> **THE RECORDS**
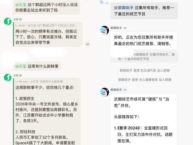 国内的大厂步伐较为一致,百度文心与腾讯元宝都在2026年1月底上线了AI群聊功能,但产品方向明显不同。
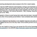 网上图片据巴士的报报道,英国剑桥大学出版社日前怀疑被中国国家广电总局要求,把旗下的国际权威期刊《中国季刊》(The China Quarterly)内300多篇,内容涉及天安门事件、文化大革命、西藏、台湾等论文移除,否则网站会被中国封锁。剑桥大学出版社昨天声明证实,已从网站移除相关文章。在过去的星期四,网路流传一封来自称来自《中国季刊》的主编普林格尔(Tim Pringle)的邮件,称中国广电总局要求剑桥大学出版社的中国网站撤下300多篇文章,当中涉及天安门、文革、西藏、新疆、香港及台湾等敏感议题。需删除的文章出版日期涵盖近数月至1960年代。普林格尔又指,暂时只有《中国季刊》被封,但估计同一学术圈的其他期刊,迟早也会面临封杀。剑桥大学出版社的声明中指,接受要求移除文章,是为了确保在这个市场内的研究人员及教育界人士,能使用我们出版的其他学术及教育材料。剑桥大学出版社现在、将来都不会主动审查内容,只有当被要求时,才会考虑撤下个别文章。出版社下星期,会在北京书展与相关机构沟通。剑桥大学出版社隶属于英国剑桥大学,1534年成立,是现存最古老的大学出版社之一。就在网络流传《中国季刊》主编的邮件当日,美国宾夕凡尼亚大学安南堡传播学院及社会学系副教授杨国斌在微博上指,自己收到主编通知,所述与网路疯传的邮件相符,感叹:「当代中国研究最重要的国际刊物,受到如此限制,情何以堪!闻所未闻啊。国内不是在推进当代中国研究吗?怎么推进?」有内地网友指,以后国外更多的中国研究期刊,凡是与大陆有商业往来的,都会「在中国审查面前脆弱不堪」。C04
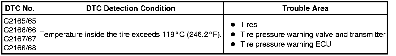 TIRE PRESSURE MONITORING: TIRE PRESSURE WARNING SYSTEM: C2165/65-C2168/68: Abnormal Temperature Inside ID1 Tire
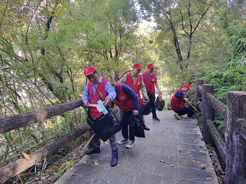 近日,在龙岗区宝龙街道振业天峦社区公园里一群红星志愿者手持垃圾钳和垃圾袋,沿着山道细致地清理着山体裸露着的垃圾,并向周边游客宣传守护绿水青山的环保理念,倡导大家将垃圾带走,不要随意丢弃,避免给景区的生态环境带来了严重的影响。
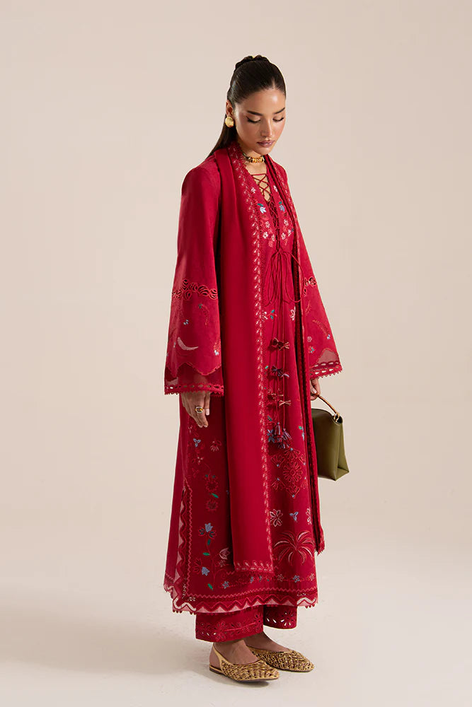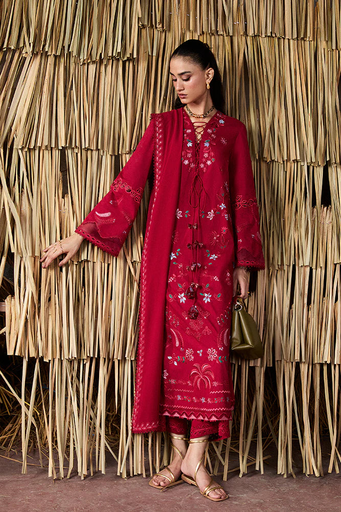 Product Description: Ruby red straight jacquard lawn shirt with V-neckline and hanging threaded tassels. Appliqué-style embroidery in bold contrasting tones with geometric patchwork on hem and corners. Sleeves end in organza...
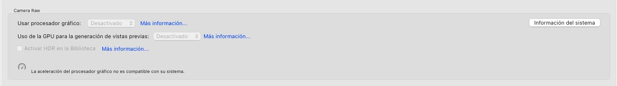 He ido a preferencias, a rendimiento y tengo la GPU desabilitada y me dice que no es compatible con mi sistema. Antes de la ultima actualizacion funcionaba perfectamente.
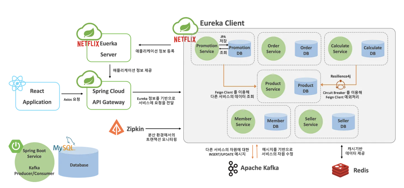 | Eureka Client | 각 마이크로 서비스는 Eureka Client로 동작하며, Eureka Server에 등록하고 정보를 조회함. |
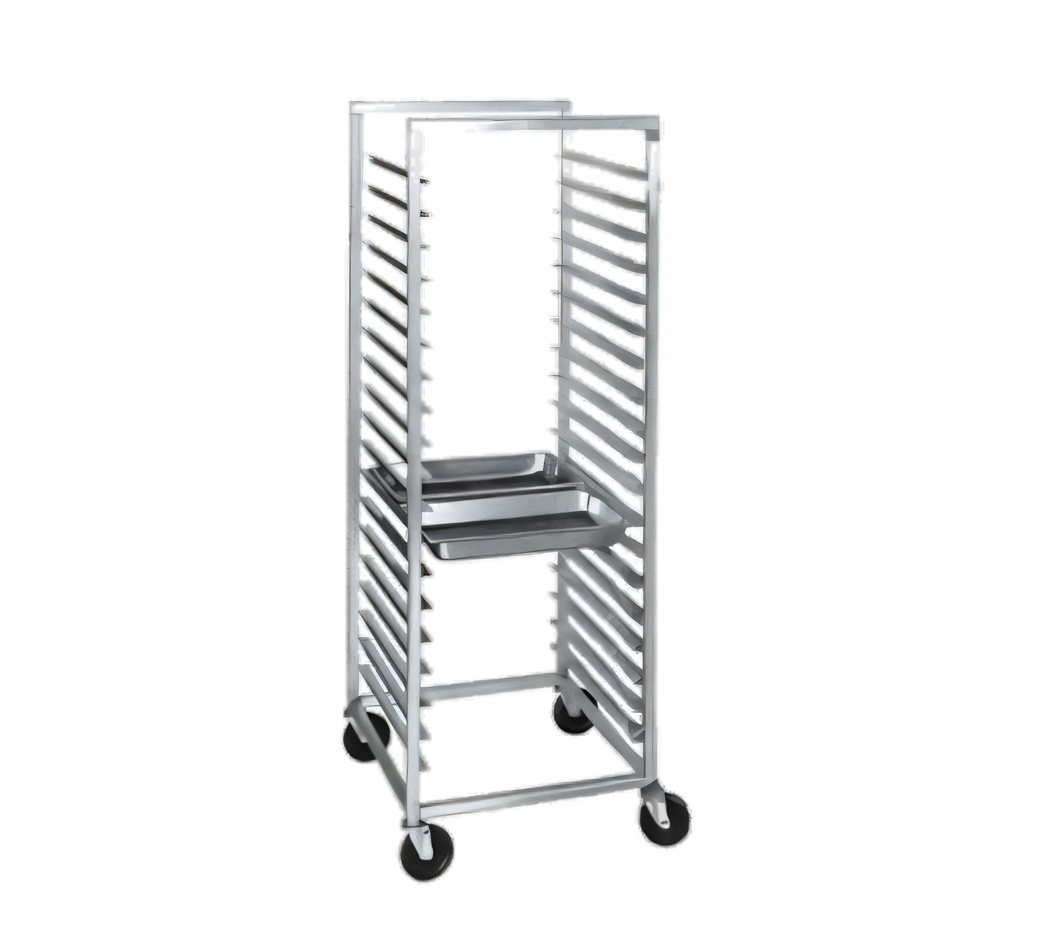 Steam Table Pan Rack, 12 X 20 Steam Table Pan Rack, Stainless Series, 24"W x 26"D x 64"H, Stainless Steel Construction, Side Load, 5" Angle Spacing, (22) 12" x 20" steam table pans (2 per shelf), 5" Swivel Stem Casters model # CSS45PU, Made in USA, NSF, 46lbs. (ITEM WEIGHT ONLY), weight does not include 50 lbs. for pallet weight
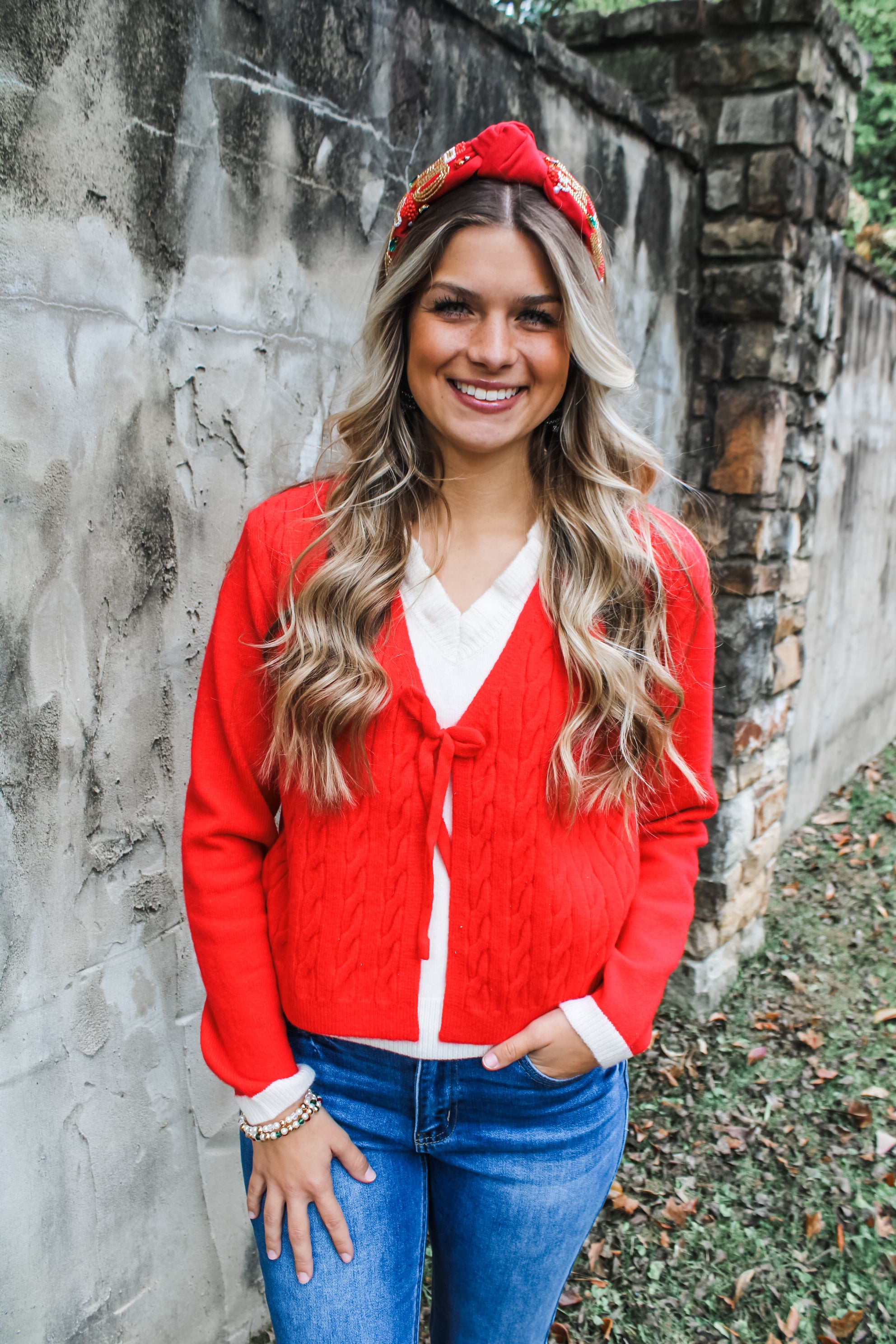 Top off your holiday looks with a fun and festive headband! Crafted from a corded knit fabrication, this bejeweled accessory features a top knot detail, crystal rhinestones and a beaded design.
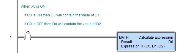 In this example: if C0 is ON then D0 will contain the value of D1 else (C0 is OFF) D0 will contain the value of D2. |
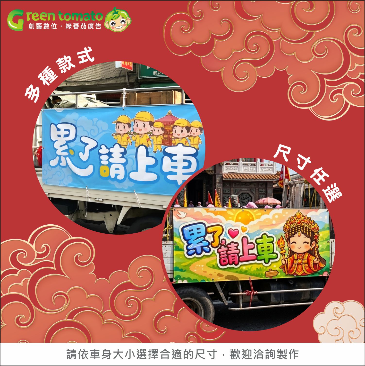 另可依需求客製尺寸與內容(如車隊名稱、用途標示、專屬文字),歡迎直接洽詢。

> **DIRECTIONS**
Restate word for word each line from the top of the listing down to and including the line that holds "등록하고 정보를 조회함. |". Drop any pictures.

> **SOLUTION TO THIS EXERCISE**
 国内的大厂步伐较为一致,百度文心与腾讯元宝都在2026年1月底上线了AI群聊功能,但产品方向明显不同。
 网上图片据巴士的报报道,英国剑桥大学出版社日前怀疑被中国国家广电总局要求,把旗下的国际权威期刊《中国季刊》(The China Quarterly)内300多篇,内容涉及天安门事件、文化大革命、西藏、台湾等论文移除,否则网站会被中国封锁。剑桥大学出版社昨天声明证实,已从网站移除相关文章。在过去的星期四,网路流传一封来自称来自《中国季刊》的主编普林格尔(Tim Pringle)的邮件,称中国广电总局要求剑桥大学出版社的中国网站撤下300多篇文章,当中涉及天安门、文革、西藏、新疆、香港及台湾等敏感议题。需删除的文章出版日期涵盖近数月至1960年代。普林格尔又指,暂时只有《中国季刊》被封,但估计同一学术圈的其他期刊,迟早也会面临封杀。剑桥大学出版社的声明中指,接受要求移除文章,是为了确保在这个市场内的研究人员及教育界人士,能使用我们出版的其他学术及教育材料。剑桥大学出版社现在、将来都不会主动审查内容,只有当被要求时,才会考虑撤下个别文章。出版社下星期,会在北京书展与相关机构沟通。剑桥大学出版社隶属于英国剑桥大学,1534年成立,是现存最古老的大学出版社之一。就在网络流传《中国季刊》主编的邮件当日,美国宾夕凡尼亚大学安南堡传播学院及社会学系副教授杨国斌在微博上指,自己收到主编通知,所述与网路疯传的邮件相符,感叹:「当代中国研究最重要的国际刊物,受到如此限制,情何以堪!闻所未闻啊。国内不是在推进当代中国研究吗?怎么推进?」有内地网友指,以后国外更多的中国研究期刊,凡是与大陆有商业往来的,都会「在中国审查面前脆弱不堪」。C04
 TIRE PRESSURE MONITORING: TIRE PRESSURE WARNING SYSTEM: C2165/65-C2168/68: Abnormal Temperature Inside ID1 Tire
 近日,在龙岗区宝龙街道振业天峦社区公园里一群红星志愿者手持垃圾钳和垃圾袋,沿着山道细致地清理着山体裸露着的垃圾,并向周边游客宣传守护绿水青山的环保理念,倡导大家将垃圾带走,不要随意丢弃,避免给景区的生态环境带来了严重的影响。
 Product Description: Ruby red straight jacquard lawn shirt with V-neckline and hanging threaded tassels. Appliqué-style embroidery in bold contrasting tones with geometric patchwork on hem and corners. Sleeves end in organza...
 He ido a preferencias, a rendimiento y tengo la GPU desabilitada y me dice que no es compatible con mi sistema. Antes de la ultima actualizacion funcionaba perfectamente.
 | Eureka Client | 각 마이크로 서비스는 Eureka Client로 동작하며, Eureka Server에 등록하고 정보를 조회함. |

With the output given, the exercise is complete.